A common pattern in enterprise apps involves a business logic method writing a database update, then sending a message containing a key to that data via a queue to a second business method, which then reads the database and does further processing. Naturally this involves transactions, as it is necessary to ensure the database update(s) and message handling occur atomically.
methodA {
beginTransaction();
updateDatabase(key, values);
sendMessage(queueName, key);
commitTransaction();
}
methodB {
beginTransaction();
key = receiveMessage(queueName);
values = readDatabase(key);
doMoreStuff(values);
commitTransaction();
}
So, like all good race condition war stories, this one starts out with a seemingly innocuous chunk of code. The problem is waiting to ambush us from deep within the transaction commit called by methodA.
Inside the transaction are two XAResources, one for the database and one for the messaging system. The transaction manager calls prepare on both, get affirmative responses and writes its log. Then it calls commit on both, at which point the resource managers can end the transaction isolation and make the data/message visible to other processes.
Spot the problem yet?
Nothing in the XA or JTA specifications defines the order in which XAResources are processed. The commit calls to the database and message queue may be issued in either order, or even in parallel.
Therefore it is inevitable that every once in a while, probably on the least convenient occasions, the database read in methodB will fail as the data has not yet been released from the previous transaction.
Oops.
So, having been let down by shortcomings in the specifications, what can the intrepid business logic programmer do to save the day?
Polling: Throw away the messaging piece and construct a loop that will look for new data in the db periodically. yuck.
Messaging from afterCompletion: The transaction lifecycle provides an afterCompletion notification that is guaranteed to be ordered after all the XAResource commits complete, so we can send the message from there to avoid the race. Also icky, since it is then no longer atomic with the db write in the case of failures, which means we need polling as a backup anyhow.
Let it fail: An uncaught exception in the second tx, e.g. an NPE from the database read, should cause the container to fail the transaction and the messaging system to do message redelivery. Hopefully by that time the db is ready. Inefficient and prone to writing a lot of failure messages into your system logs, which is to say: yuck.
Force resource ordering: Many transaction systems offer some non-spec compliant mechanism for XAResource ordering. Due to the levels of abstraction the container places between the transaction manager and the programmer this is not always easy to use from Java EE. It also ties your code to a specific vendor's container. You can do this with JBoss if you really want to, but it's not recommended.

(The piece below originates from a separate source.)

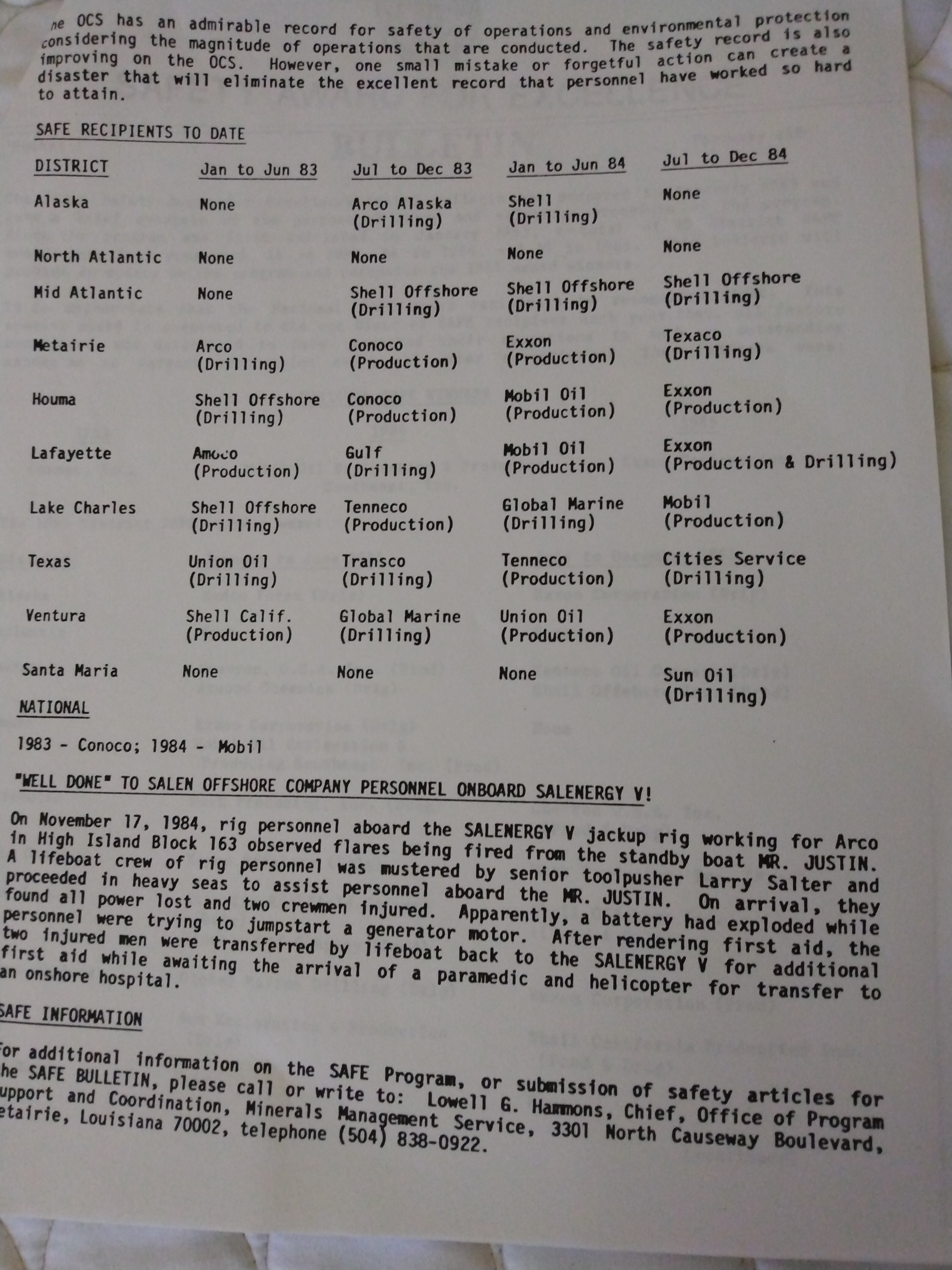 Attached is a list of the award winners for 1983 and 1984. Also note the recognition for the Salenergy jackup crew members who rescued injured and endangered personnel from a distressed vessel. Such heroism was not uncommon.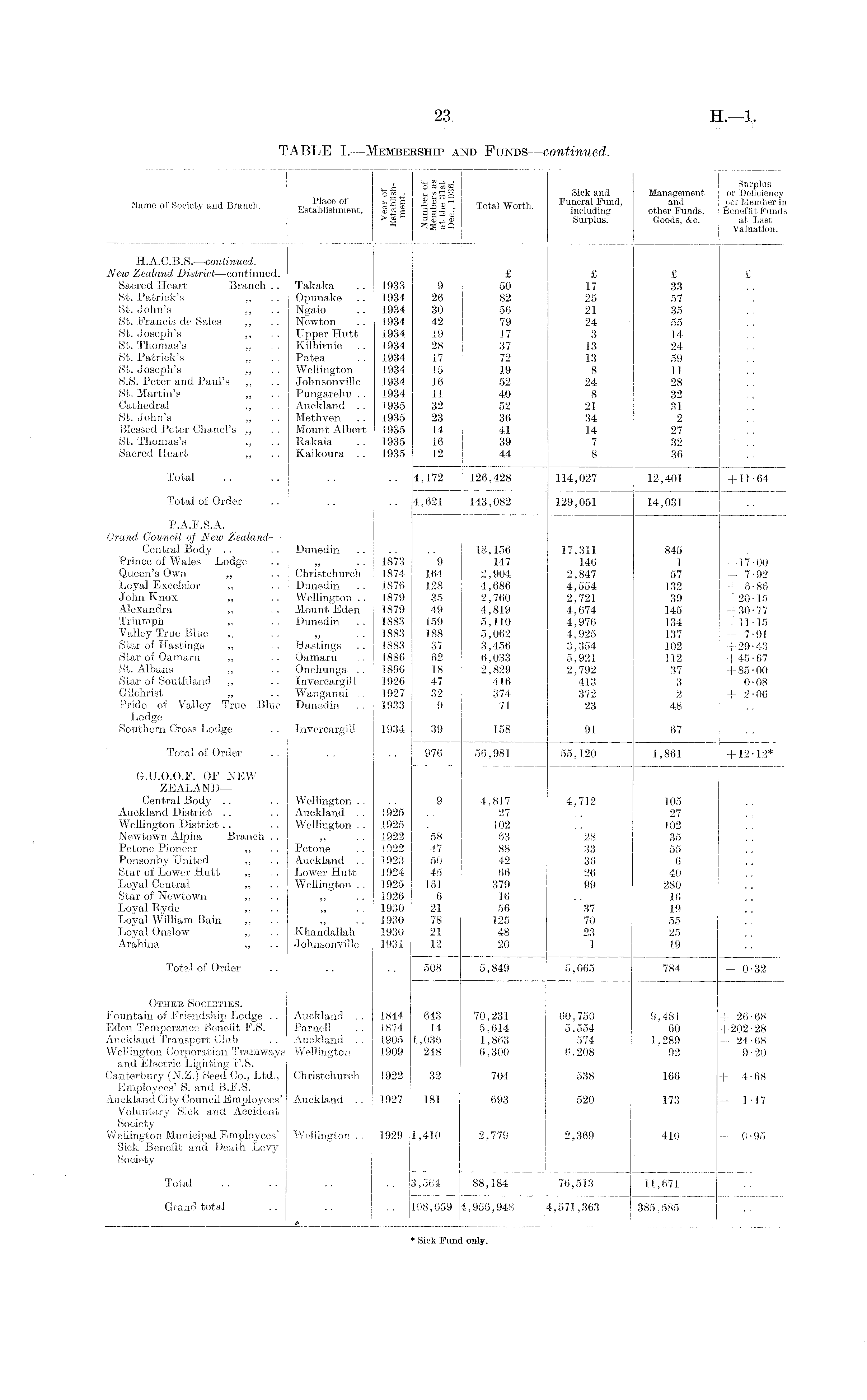 23 H.—1. TABLE I.—Membership and Funds—continued. ■ o esto<0 Surplus © s 43 £ co cj ®ick an< i Management or Deficiency Name of Society and Branch. + Si S I.Sgl Total Worth. Funeral Fund, and perMemberin * Establishment. S SgS 0 including other Funds, Benefttt Funds ā ~ Surplus. Goods, &c. at Last w Sg «Q Valuation. H.A.C.B.S. —continued. New Zealand District—continued. £ £ £ £ Sacred Heart Branch .. Takaka .. 1933 9 50 17 33 St. Patrick's ,, .. Opunake .. 1934 26 82 25 57 St. John's „ .. Ngaio .. 1934 30 56 21 35 St. Francis de Sales ,, .. Newton .. 1934 42 79 24 55 St. Joseph's Upper Hutt 1934 19 17 3 14 St. Thomas's ,, .. Kilbirnie .. 1934 28 37 13 24 St. Patrick's ,, .. Patea .. 1934 17 72 13 59 St. Joseph's ,, .. Wellington 1934 15 19 8 11 S.S. Peter and Paul's ,, .. Johnsonville 1934 16 52 24 28 St. Martin's „ .. Pungarehu .. 1934 11 40 8 32 Cathedral ,, .. Auckland .. 1935 32 52 21 31 St. John's „ .. Methven .. 1935 23 36 34 2 Blessed Peter Chanel's ,, . . Mount Albert 1935 14 41 14 27 St. Thomas's ,, .. Rakaia .. 1935 16 39 7 32 Sacred Heart ,, .. Kaikoura .. 1935 12 44 8 36 Total .. .. .. .. 4,172 126,428 114,027 12,401 +11-64 Total of Order .. .. .. 4,621 143,082 129,051 14,031 P.A.F.S.A. Grand Council of New Zealand — Central Body .. .. Dunedin .. .. .. 18,156 17,311 845 Prince of Wales Lodge .. „ .. 1873 9 147 146 1 —17-00 Queen's Own „ .. Christchurch 1874 164 2,904 2,847 57 — 7-92 Loyal Excelsior „ .. Dunedin •• 1876 128 4,686 4,554 132 + 6-86 John Knox „ .. Wellington.. 1879 35 2,760 2,721 39 +20-15 Alexandra „ .. Mount Eden 1879 49 4,819 4,674 145 +30-77 Triumph „ .. Dunedin .. 1883 159 5,110 4,976 134 +11-15 Valley True Blue „ .. „ .. 1883 188 5,062 4,925 137 + 7-91 Star of Hastings „ .. Hastings .. 1883 37 3,456 3,354 102 +29-43 Star of Oamaru „ .. Oamaru .. 1886 62 6,033 5,921 112 +45-67 St. Albans „ . . Onehunga . . 1896 18 2,829 2,792 37 +85-00 Star of Southland „ .. Invercargill 1926 47 416 413 3 — 0-08 Gilchrist „ .. Wanganui . . 1927 32 374 372 2 + 2.-06 Pride of Valley True Blue Dunedin . . 1933 9 71 23 48 Lodge Southern Cross Lodge .. Invercargill 1934 39 158 91 67 Total of Order .. .. .. 976 56,981 55,120 1,861 +12-12* G.U.O.O.F. OE NEW ZEALAND— Central Body .. .. Wellington.. .. 9 4,817 4,712 105 Auckland District .. . . Auckland .. 1925 .. 27 ' . 27 Wellington District .. . . Wellington . 1925 .. 102 . . 102 Newtown Alpha Branch .. „ . . 1922 58 63 28 35 Petone Pioneer „ .. Petone .. 1922 47 88 33 55 Ponsonby United „ .. Auckland . , 1923 50 42 36 6 Star of Lower Hutt „ .. Lower Hutt 1924 45 66 26 40 Loyal Central „ . . Wellington .. 1925 161 379 99 280 Star of Newtown „ „ .. 1926 6 16 .. 16 Loyal Ryde „ „ .. 1930 21 56 37 19 Loyal William Bain „ „ .. 1930 78 125 70 55 Loyal Onslow „ .. Khandallah 1930 21 48 23 25 Arahina „ .. Johnsonville 1931 12 20 1 19 Total of Order . . .. . . 508 5,849 5,065 784 - 0-32 Othek Societies. Fountain of Friendship Lodge .. Auckland .. 1844 643 70,231 60,750 9,481 + 26-68 Eden Temperance Benefit F.S. Parnell .. 1874 14 5,614 5,554 60 +202-28 Auckland Transport Club .. Auckland .. 1905 1,036 1,863 574 1,289 — 24-68 Wellington Corporation Tramways Wellington 1909 248 6,300 6,208 92 + 9-20 and Electric Lighting F.S. Canterbury (N.Z.) Seed Co., Ltd., Christchurch 1922 32 704 538 166 + 4-68 Employees' S. and B.F.S. Auckland City Council Employees' Auckland .. 1927 181 693 520 173 — 1-17 Voluntary Sick and Accident Society Wellington Municipal Employees' Wellington .. 1929 1,410 2,779 2,369 410 — 0-95 Sick Benefit and Death Levy Society Total .. .. .. .. 3,564 88,184 76,513 11,671 Grand total .. .. .. 108,059 4,956,948 4,571,363 385,585 » ■ ■ * Sick Fund only.

Delay the message delivery: Similar to the above, some messaging systems go above and beyond the JMS spec to offer the ability to mark a queue or specific message as having a built-in delay. The messaging system will hold the message for a specified interval before making it available to consumers. Again you can do with with JBoss (see 'Scheduled Messages' in HornetQ) but whilst it's easy to code it's not a runtime efficient solution as tuning the delay interval is tricky.
Backoff/Retry in the consumer: Instead of letting the consuming transaction fail and be retried by message redelivery, catch the exception and handle it with a backoff/retry loop:
methodB {
beginTransaction();
key = receiveMessage(queueName);
do {
values = readDatabase(key);
if(values == null) {
sleep(x);
}
} while(values == null);
doMoreStuff(values);
commitTransaction();
}
This has the benefit of being portable across containers and, with a bit of added complexity, pretty robust. Yes it is a horrible kludge, but it works. Sometimes when you are stuck working with an environment built on flawed specifications that's really the best you can hope for.
3 comments:
I know this is an old post, but I don't see why the read database should return null. Transaction A updates the database, so there is a write lock on that row. Transaction A commits so it sends the message. Transaction B was waiting for the message to arrive, and then it reads the database. It will wait until the lock is released, and then will read the new value.
@Luciano :
The JMS message could be received by transactionB during the small amount of time available between JMS.commit and DB.commit of transactionA.